In a week of dizzying political drama (Kavanaugh hearings, Woodward book release, Anonymous NYT Op-Ed), the debut of a new Nike ad campaign featuring Colin Kaepernick stands out.
Kaepernick, the former 49ers quarterback, emerged at the center of a firestorm for taking a knee during the National Anthem, an action that sought to highlight racial inequality and police brutality. His protests have inspired many players in the league to join him while simultaneously provoking condemnation from others, including President Trump, who has used the issue to sow further cultural divide from his bully pulpit. Those railing against this protest have often incorrectly conflated it with disrespect to the flag and American values.
Insert Nike.
Nike, #89 on the 2017 Fortune 500 list, has fashioned a new advertising campaign foregrounding Kaepernick and pushing the message, “Believe in something. Even if it means sacrificing everything.” Boycotts have ensued.

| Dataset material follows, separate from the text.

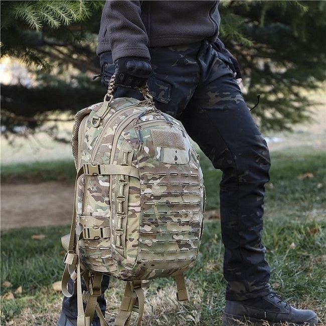 Ciri-ciri utama: Ketahanan yang tidak dapat ditandingi: Dibuat dengan 1000D Cordura® nilon, jahitan berkepadatan tinggi, dan zipper ykk premium untuk kebolehpercayaan yang muktamad. Panel belakang dengan abah-abah yang boleh laras. Tali sternum dan tali pinggang pinggang yang boleh ditanggalkan dengan cekap mengedarkan berat badan untuk keselesaan pada treks panjang. Pertubuhan strategik: petak utama, poket penghidratan yang berdedikasi, panel admin untuk alat-alat kecil, dan lengan komputer riba yang empuk. Airsoft/Milsim, Hiking/Berkhemah, Cari & Penyelamat, Latihan Taktikal.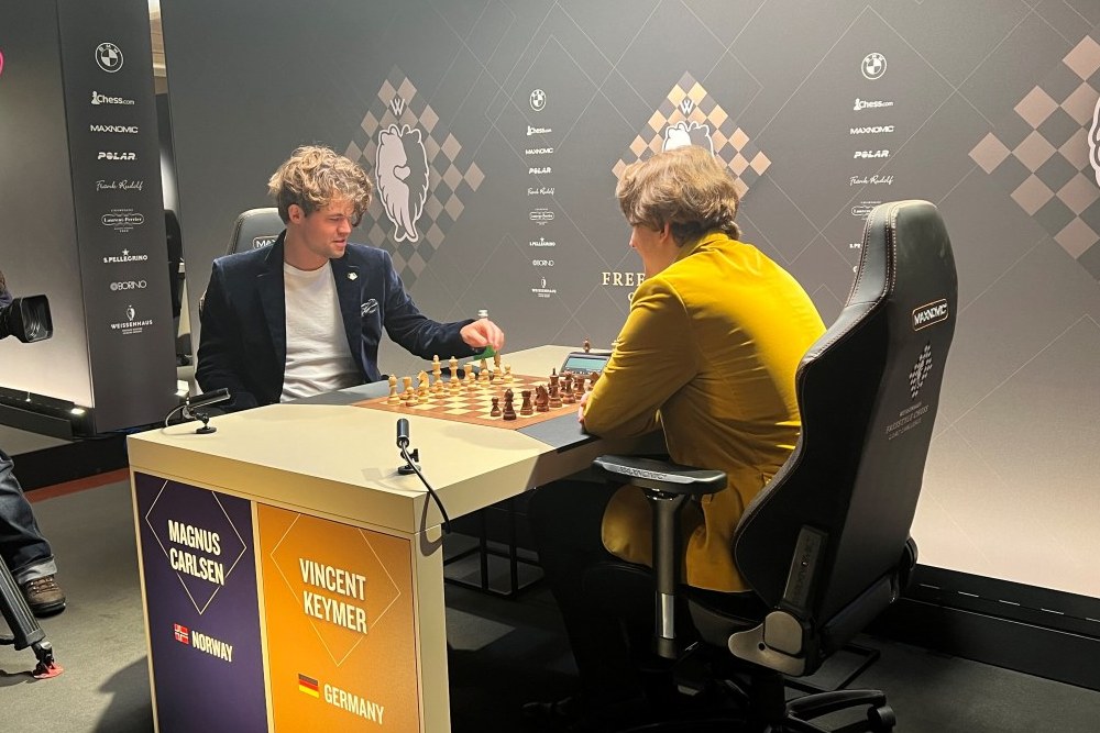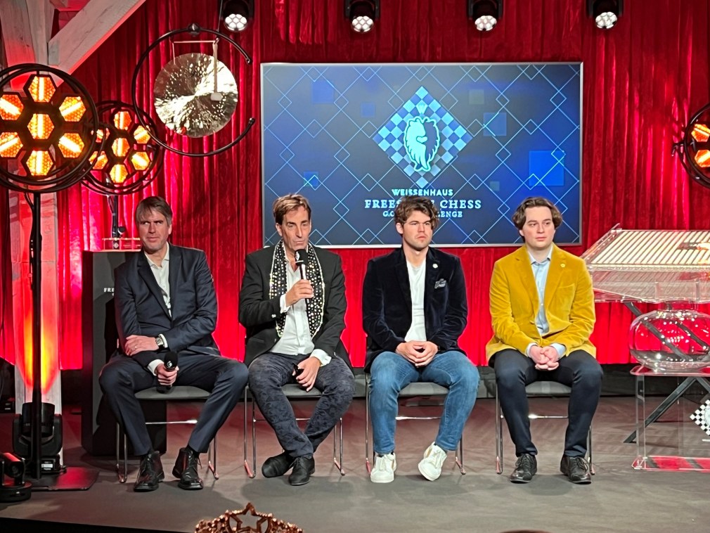 Carlsen, Firouzja, Aronian und Keymer hatten noch am Dienstag und Mittwoch die Finals des Chessable Masters bestritten, ein großes Online-Turnier. Carlsen gewann dort gegen Firouzja in Division I und Keymer gegen Aronien in Division II. Es könnte gut sein, dass alle vier, mindestens aber Carlsen und Firouzja, das Turnier vom Weissenhaus aus gespielt haben und deshalb nur virtuell anreisen mussten, ohne Schneegestöber.

However, for all of its controversial cachet, the challenges with Nike's campaign prove multi-dimensional.
First, the advert utilizes faux-inspirational sentiments doing nothing to clarify the context surrounding racial injustice and police brutality which ignited Kaepernick to take a knee in the first place. If Kaepernick’s protest was initially received by many as abstracted signification, then the Nike ad further complicates this messaging; sanitizing it and reducing it to little more than a cliché motivational poster.
Secondly, Nike is hardly the right company to launch a campaign highlighting progressive values due to their history of corporate greed: reliance on slave labor, factories which contribute significantly to climate change, a misogynistic work culture that has been called out in the #MeToo movement.

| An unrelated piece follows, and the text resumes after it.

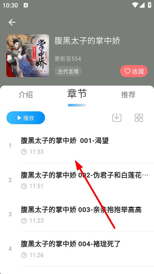 4、在章節(jié)列表里,點擊想收聽的章節(jié),如腹黑太子的掌中嬌001-渴望,即可免費收聽該章節(jié)內(nèi)容。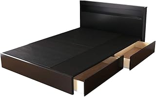引き出し 収納ベッド 棚・コンセント・LED照明付き レスター フレームのみ セミダブル 引き出し収納 収納付き/ブラック

In her book, No Logo, Naomi Klein charts the shifting role of activism in the Western world over the past century, from its original focus in economic parity over to concerns with imagistic representation writing, “The abandonment of [key social protest] by the conflation of causes that came to be called political correctness successfully retrained a generation of activists in the politics of image, not action.”
Maybe through Nike’s longstanding relationship with professional sports, and the NFL in particular, this ad campaign will provide league owners with the necessary cover to rehire Kaepernick back into the NFL.
My call to action is that we all take a knee.
The current brand of politics entrenched in white nationalism and marinated in fear of the Other is severe. We cannot allow anyone's voice to be silenced and we cannot allow this symbol - which has contributed positively towards opening a cultural conversation – to be reduced to an image appropriated by mass-marketing; nothing more than a new way to sell running shoes.